UW–Madison Archives, 9/11/13/1 Box 1. Image used with permission of Phillip Lithographing Co.

The cows were blind, their growth was stunted, and their calves were born dead. The scientists feeding them didn’t know why.

These unfortunate cows were part of a cutting-edge nutrition experiment, fed carefully measured diets that provided the right amount of protein, carbohydrate, and fat. Their balanced diet was derived only from wheat. Across the barn, cows that ate the same diet, but derived from corn, were completely healthy.

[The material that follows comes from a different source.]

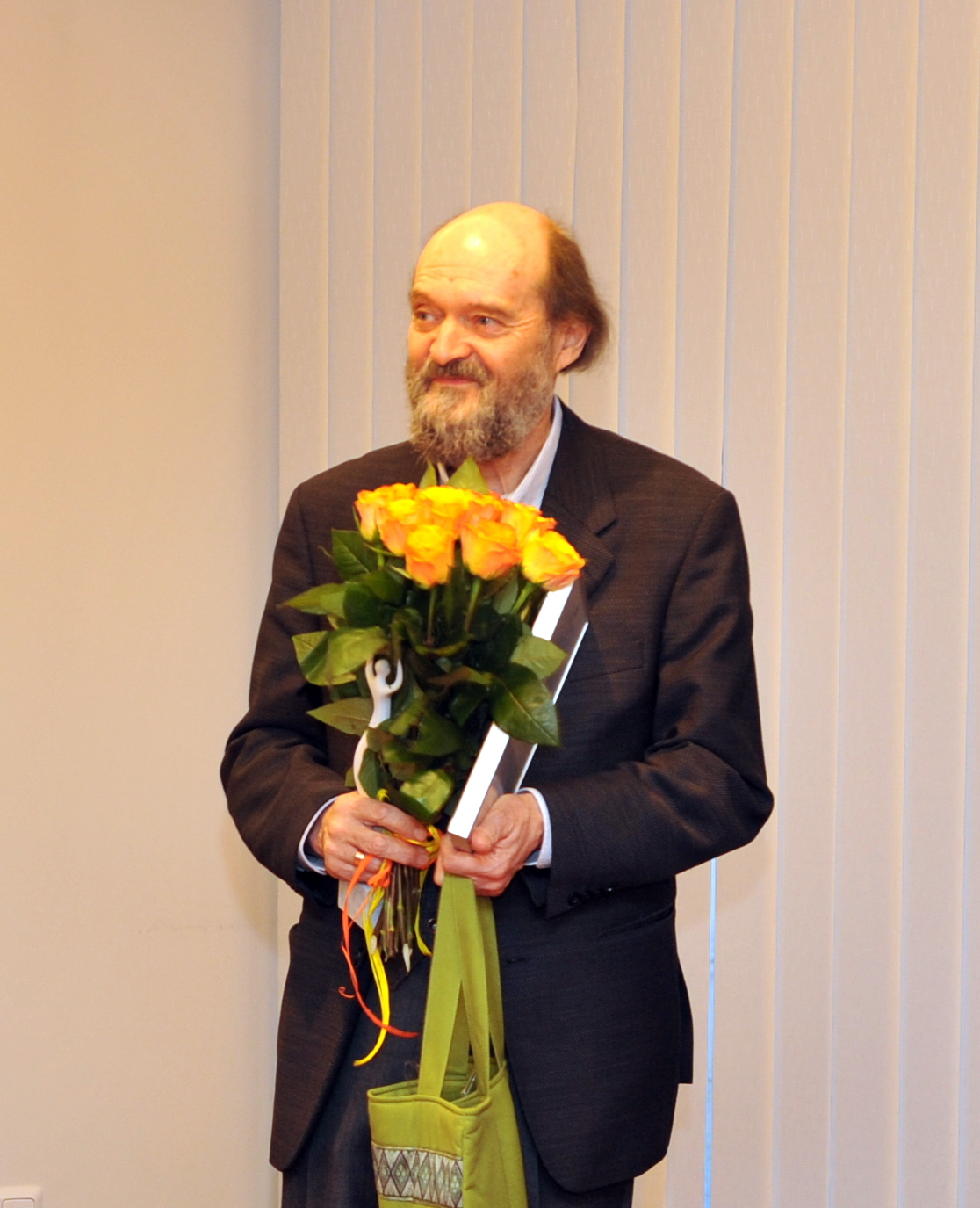 Composer Arvo Pärt

This nutritional mystery unfolding in the barns at the University of Wisconsin’s College of Agriculture in 1907 took six years to solve. Researchers discovered that certain type of fats, from milk or eggs, helped animals grow, while fats from lard or olive oil left them stunted. From that milk fat, one hundred years ago, researchers isolated the first vitamin, A.

This discovery, and the research methods it pioneered, pushed nutritional science into the modern era, kicking off a decade of intense study of what we eat and why.

The leader of American nutritional chemistry, Elmer Vernon McCollum, actually owed his life to vitamins.

While we all owe our lives to vitamins, McCollum had firsthand experience with the vitamin deficiencies he studied. When he was seven months old, his mother found herself pregnant again and had to wean him, feeding him through the winter on boiled milk and mashed potatoes. After a few months, he fell ill, suffering from sores on his skin, swollen joints, and bleeding gums.

In 1880, no one knew what was wrong with him. The child was dying, slowly, mysteriously, until one day, while his mother was peeling apples, he began sucking on the scraps. The next day, he seemed a bit better, so she fed him apple peels for days as he regained his strength. When spring arrived, she fed him other fruits and vegetables, and he recovered completely.

What his mother didn’t know, and McCollum himself didn’t figure out until many years later, was that he’d almost died from scurvy — a deficiency of vitamin C, scientists would later discover. Boiling a food, as McCollum’s mother did to his milk, destroys the vitamin C.

McCollum didn’t remember his own skirmish with scurvy, but he grew up hearing the story of the apple peels that somehow saved his life. Perhaps it motivated him to study the chemistry of nutrition.

He eventually graduated from Yale and moved to Madison to take a position as an assistant professor of chemistry. The sick, blind cows were waiting for him, and Wisconsin’s farmers were waiting for answers.

Early experiments

In 1910, when McCollum moved to Madison, the cutting edge of nutritional chemistry was “purified food” — processing foods to measure the exact amounts of protein, carbohydrate, and fat. Scientists thought they had found all of the building blocks for a healthy diet, and they focused on finding the optimum amount of each.

But the stunted, blind cows in the barns in Madison clearly demonstrated that diet wasn’t that simple. Something important was missing.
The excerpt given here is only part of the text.